O auxílio emergencial de R$ 600 (R$ 1,2 mil para mães solteiras) poderá ser mantido após o fim da pandemia.

A informação foi repassada pelo secretário especial de Produtividade, Emprego e Competitividade do Ministério da Economia, Carlos da Costa.

Ele fez o anúncio durante uma transmissão ao vivo promovida pelo banco BTG Pactual, na 2ª feira (11).

Segundo Costa, o governo discute se o auxílio e outras medidas de socorro deverão ser desmontadas gradualmente, num processo de transição para um novo modelo econômico.

Auxílio emergencial estendido

Caso o benefício permaneça, o secretário disse que o governo terá de estudar uma forma de financiá-lo e de mantê-lo.

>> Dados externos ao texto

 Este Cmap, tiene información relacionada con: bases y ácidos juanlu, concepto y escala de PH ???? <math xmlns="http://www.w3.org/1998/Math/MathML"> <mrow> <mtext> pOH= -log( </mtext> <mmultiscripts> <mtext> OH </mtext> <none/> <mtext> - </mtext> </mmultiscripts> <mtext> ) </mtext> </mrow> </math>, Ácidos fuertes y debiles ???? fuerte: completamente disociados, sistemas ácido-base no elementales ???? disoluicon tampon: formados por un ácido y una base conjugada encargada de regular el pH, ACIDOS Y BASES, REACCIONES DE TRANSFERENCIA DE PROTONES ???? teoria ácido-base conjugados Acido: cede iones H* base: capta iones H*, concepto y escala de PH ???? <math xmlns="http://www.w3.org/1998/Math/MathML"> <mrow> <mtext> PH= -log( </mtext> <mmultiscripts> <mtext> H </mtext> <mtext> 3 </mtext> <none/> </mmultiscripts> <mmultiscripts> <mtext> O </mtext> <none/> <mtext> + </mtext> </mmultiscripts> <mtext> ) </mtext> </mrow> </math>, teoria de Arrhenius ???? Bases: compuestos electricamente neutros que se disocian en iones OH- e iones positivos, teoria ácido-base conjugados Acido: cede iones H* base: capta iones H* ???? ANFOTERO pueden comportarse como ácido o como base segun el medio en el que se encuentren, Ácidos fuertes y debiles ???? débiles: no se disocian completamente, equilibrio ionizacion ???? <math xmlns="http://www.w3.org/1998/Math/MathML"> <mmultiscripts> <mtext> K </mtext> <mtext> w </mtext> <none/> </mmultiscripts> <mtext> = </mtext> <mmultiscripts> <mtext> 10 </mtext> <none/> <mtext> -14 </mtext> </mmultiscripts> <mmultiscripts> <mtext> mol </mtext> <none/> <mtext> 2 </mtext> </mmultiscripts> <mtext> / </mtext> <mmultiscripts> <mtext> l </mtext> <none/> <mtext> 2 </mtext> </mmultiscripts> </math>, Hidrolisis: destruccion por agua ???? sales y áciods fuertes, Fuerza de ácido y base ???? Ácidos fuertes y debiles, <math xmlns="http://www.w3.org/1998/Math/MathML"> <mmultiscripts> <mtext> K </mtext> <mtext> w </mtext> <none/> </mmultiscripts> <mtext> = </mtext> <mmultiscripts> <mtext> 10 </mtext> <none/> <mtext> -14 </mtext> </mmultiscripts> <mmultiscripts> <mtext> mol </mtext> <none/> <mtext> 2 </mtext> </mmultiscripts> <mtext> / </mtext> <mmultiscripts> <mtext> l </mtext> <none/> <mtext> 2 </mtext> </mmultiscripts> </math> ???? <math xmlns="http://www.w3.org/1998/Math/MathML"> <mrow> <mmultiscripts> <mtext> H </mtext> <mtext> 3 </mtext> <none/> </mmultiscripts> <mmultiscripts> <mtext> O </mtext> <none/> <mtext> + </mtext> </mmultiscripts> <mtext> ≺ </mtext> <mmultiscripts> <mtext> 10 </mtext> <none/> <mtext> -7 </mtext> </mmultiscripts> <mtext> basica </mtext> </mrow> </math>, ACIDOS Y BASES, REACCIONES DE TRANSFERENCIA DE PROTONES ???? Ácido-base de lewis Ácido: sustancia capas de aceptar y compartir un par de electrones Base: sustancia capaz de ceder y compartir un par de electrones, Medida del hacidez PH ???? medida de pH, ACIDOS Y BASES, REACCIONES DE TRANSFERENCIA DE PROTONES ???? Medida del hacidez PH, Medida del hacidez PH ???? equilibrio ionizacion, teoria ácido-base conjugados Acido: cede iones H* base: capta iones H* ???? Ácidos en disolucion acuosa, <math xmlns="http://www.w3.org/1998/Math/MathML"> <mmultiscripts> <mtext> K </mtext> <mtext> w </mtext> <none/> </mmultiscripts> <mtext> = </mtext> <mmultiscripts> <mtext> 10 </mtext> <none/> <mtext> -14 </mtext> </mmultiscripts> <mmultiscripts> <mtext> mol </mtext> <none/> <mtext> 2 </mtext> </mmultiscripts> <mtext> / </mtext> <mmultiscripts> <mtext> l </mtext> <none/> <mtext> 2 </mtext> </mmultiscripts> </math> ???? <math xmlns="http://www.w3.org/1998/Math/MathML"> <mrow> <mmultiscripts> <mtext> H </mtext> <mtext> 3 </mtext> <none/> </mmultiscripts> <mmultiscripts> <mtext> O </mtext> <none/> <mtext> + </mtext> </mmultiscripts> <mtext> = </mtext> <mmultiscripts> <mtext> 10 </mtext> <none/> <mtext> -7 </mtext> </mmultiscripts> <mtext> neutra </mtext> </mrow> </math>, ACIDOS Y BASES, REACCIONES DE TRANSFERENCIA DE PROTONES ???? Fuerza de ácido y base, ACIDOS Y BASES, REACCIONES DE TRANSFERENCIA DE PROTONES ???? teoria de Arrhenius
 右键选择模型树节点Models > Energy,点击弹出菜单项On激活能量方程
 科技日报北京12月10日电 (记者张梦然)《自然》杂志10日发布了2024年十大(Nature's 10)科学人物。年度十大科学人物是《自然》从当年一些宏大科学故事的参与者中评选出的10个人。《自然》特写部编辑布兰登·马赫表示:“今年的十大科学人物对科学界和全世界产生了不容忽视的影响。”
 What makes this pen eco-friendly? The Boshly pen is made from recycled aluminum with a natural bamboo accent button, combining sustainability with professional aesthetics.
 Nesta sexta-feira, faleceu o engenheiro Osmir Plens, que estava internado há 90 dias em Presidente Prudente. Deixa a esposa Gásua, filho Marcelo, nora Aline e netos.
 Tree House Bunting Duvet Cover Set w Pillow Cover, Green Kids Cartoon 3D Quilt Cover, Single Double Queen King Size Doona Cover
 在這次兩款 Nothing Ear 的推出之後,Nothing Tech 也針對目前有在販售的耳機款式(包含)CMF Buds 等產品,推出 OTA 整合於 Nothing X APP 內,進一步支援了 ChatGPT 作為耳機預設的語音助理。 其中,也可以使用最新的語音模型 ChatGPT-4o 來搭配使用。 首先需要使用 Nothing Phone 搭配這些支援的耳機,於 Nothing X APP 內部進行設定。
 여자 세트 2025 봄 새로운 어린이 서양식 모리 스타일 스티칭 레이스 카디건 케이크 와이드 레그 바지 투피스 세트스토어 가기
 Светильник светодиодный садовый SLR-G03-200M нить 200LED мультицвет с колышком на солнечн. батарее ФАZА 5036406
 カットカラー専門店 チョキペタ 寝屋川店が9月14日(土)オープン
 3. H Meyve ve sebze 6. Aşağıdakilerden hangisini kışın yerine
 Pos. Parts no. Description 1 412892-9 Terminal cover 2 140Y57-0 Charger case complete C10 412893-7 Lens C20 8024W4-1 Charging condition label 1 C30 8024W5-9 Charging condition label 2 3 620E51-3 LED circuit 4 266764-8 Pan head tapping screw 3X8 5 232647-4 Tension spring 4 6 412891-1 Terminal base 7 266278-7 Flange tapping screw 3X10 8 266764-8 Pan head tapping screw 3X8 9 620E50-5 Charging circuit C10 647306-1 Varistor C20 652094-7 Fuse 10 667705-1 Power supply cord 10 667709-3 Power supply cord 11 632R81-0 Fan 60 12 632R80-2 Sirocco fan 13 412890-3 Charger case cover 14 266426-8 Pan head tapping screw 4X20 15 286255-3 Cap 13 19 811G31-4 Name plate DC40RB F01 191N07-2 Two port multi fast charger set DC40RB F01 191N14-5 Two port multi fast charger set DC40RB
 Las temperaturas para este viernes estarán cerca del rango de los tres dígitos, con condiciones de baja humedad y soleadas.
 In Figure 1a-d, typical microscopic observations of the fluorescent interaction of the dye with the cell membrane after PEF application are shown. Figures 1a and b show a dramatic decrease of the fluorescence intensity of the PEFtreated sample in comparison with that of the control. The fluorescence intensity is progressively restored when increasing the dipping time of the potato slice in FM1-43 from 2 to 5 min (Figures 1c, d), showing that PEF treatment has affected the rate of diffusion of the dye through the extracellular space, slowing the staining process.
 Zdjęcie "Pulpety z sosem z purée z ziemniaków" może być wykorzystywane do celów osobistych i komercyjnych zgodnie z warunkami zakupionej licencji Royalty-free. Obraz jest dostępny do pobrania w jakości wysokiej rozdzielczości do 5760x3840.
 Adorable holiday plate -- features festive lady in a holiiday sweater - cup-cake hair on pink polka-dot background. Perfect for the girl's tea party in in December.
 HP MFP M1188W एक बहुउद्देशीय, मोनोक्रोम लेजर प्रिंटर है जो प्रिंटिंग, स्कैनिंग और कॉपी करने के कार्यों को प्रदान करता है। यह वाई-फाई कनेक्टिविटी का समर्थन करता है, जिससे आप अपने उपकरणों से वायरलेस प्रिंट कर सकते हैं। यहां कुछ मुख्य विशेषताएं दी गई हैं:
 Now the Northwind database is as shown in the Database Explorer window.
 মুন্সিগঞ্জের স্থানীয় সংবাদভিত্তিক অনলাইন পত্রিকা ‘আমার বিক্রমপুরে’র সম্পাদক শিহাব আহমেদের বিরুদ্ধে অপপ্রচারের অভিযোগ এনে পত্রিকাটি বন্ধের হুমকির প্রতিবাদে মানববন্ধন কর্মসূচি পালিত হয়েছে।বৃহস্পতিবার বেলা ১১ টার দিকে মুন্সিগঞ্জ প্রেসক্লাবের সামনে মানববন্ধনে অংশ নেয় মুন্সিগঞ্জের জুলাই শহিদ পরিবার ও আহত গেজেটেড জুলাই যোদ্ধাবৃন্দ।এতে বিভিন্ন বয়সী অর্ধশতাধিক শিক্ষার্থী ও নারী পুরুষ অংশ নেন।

De acordo com ele, o governo pode desmontar o auxílio conforme as medidas de recuperação econômica ou as reformas estruturais prometidas antes da pandemia.

Na avaliação de Costa, o benefício é “extremamente liberal”, nos moldes do Imposto de Renda negativo.

Ou seja, é quando pessoas abaixo de determinado nível de renda recebem pagamentos suplementares do governo em vez de pagarem impostos.

Além disso, o secretário indicou que medidas de apoio e de desoneração das empresas possam ser mantidas.

Para ele, o “novo normal” da economia brasileira será um cenário com “menos ônus” sobre os empregadores.

Redação produzida com informações da Agência Brasil.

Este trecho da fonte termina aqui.